Analysis of the Aging Processes of Writing Ink: Raman Spectroscopy versus Gas Chromatography Aspects

1
Chamber of Judicial Experts (Sudex), Moscow 127018, Russia
2
Institute of Chemistry, Saint Petersburg State University, 7/9 Universitetskaya nab., St. Petersburg 199034, Russia
3
LLC Inter-Regional Economic and Legal Office, St. Petersburg, Russia
4
Department of Criminal Law, Saint Petersburg State University, 7/9 Universitetskaya nab., St. Petersburg 199034, Russia
5
LLC Laser Chemistry, St. Petersburg, Russia
*
Author to whom correspondence should be addressed.
Appl. Sci. 2017, 7(10), 991; https://doi.org/10.3390/app7100991
Submission received: 23 August 2017 / Revised: 14 September 2017 / Accepted: 19 September 2017 / Published: 26 September 2017
(This article belongs to the Section Chemical and Molecular Sciences)

Abstract

:
This work is devoted to the extremely popular but poorly developed scientific and forensic problem of the estimation of the actual dates of inscriptions placed on paper and made by ballpoint pens. It is shown that the degradation of writing inks with time may be controlled via Raman spectroscopy and gas chromatography.

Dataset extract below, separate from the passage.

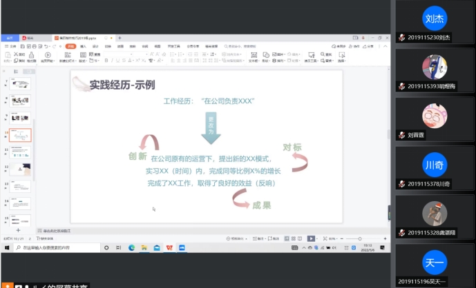 为了提升公司本科生简历制作能力,解决大家在撰写简历方面遇到的难题,2022年5月6日星期五晚上,面向HAHA体育2019级本科生举办的简历撰写技巧分享活动在腾讯会议线上平台举行,本次讲座由本科2019级辅导员向起锐主持,本科2021级辅导员张先凌作为受邀嘉宾针对具体案例进行分享。

The time intervals for the implementation of each of these methods were determined using the ratios of the Raman peak intensities as degradation characteristics rather than their absolute values. In turn, this eliminates the effect of the concentration of a dye. The mutual influence of the volatile components and dyes of writing inks was also investigated and the time interval within which such influence is critical was found. According to the obtained results, a new methodological scheme for determining the age of documents, which were created at least 40 months ago, was proposed.

Graphical Abstract

1. Introduction

It is known that the artificial and natural aging of writing inks printed on paper is an important forensic, criminalistics, and social problem. The most pressing issue in this area is establishing the actual age of a document or its parts since the most common way of document forgery is adding and writing extra inscriptions, signatures, and fake dates with ballpoint, gel, and technical pens. In a variety of cases, in order to hide the fact of falsification, documents are heated or exposed to artificial or natural light sources. Thus, the disclosure of such falsification is an important legal and social task [1,2].
All writing inks consist of a dye component or a mixture of dyes, as well as a binding substance known as a vehicle composed of several solvents and additives responsible for the physicochemical properties of inks (including lubricants, corrosion inhibitors, emulsifying agents, buffers, surfactants, and various other components) [2,3,4]. All ingredients in the ink mixture can yield important analytical information to the forensic document examiner. Therefore, it is better to use analytical techniques that can identify the variety of chemicals from which writing inks are composed [4]. The following dyes are most commonly used as a part of blue writing ink: victoria blue (VB), rhodamine B and 6G, the methyl violet group of dyes (pararosaniline with four, five or six methyl groups), crystal violet (CV), methyl violet (MV), tetramethyl-pararosaniline (TPR) and copper phthalocyanine, which has been used in ink dye manufacturing since 1954 [5]. Initially, oleic, castor, and mineral (petroleum) oils were used as solvents. Glycols have been predominantly used as solvents since 1950. In turn, the most widespread solvents currently used are glycerol, tri-, tetra-, pentaethylene glycols, fenoxyetanol, phenoxyetoxy ethanol, benzyl alcohol, 2-pyrrolidone and butylene glycol [2,6].
The investigation of the aging processes of ink is a challenging task because one has to take into account that each compound begins to decompose after an ink is deposited on paper through different mechanisms. Thus, a variety of processes occurs simultaneously when writing inks are printed on paper. Writing inks dry due to solvent evaporation; they get dull due to dye degradation and solidify due to resin polymerization. From this perspective, the degradation of dye as a process, which is the most resistant to external influence, attracts the most interest. The mechanisms of the temporal degradation of dyes are described in detail elsewhere [7,8,9,10,11].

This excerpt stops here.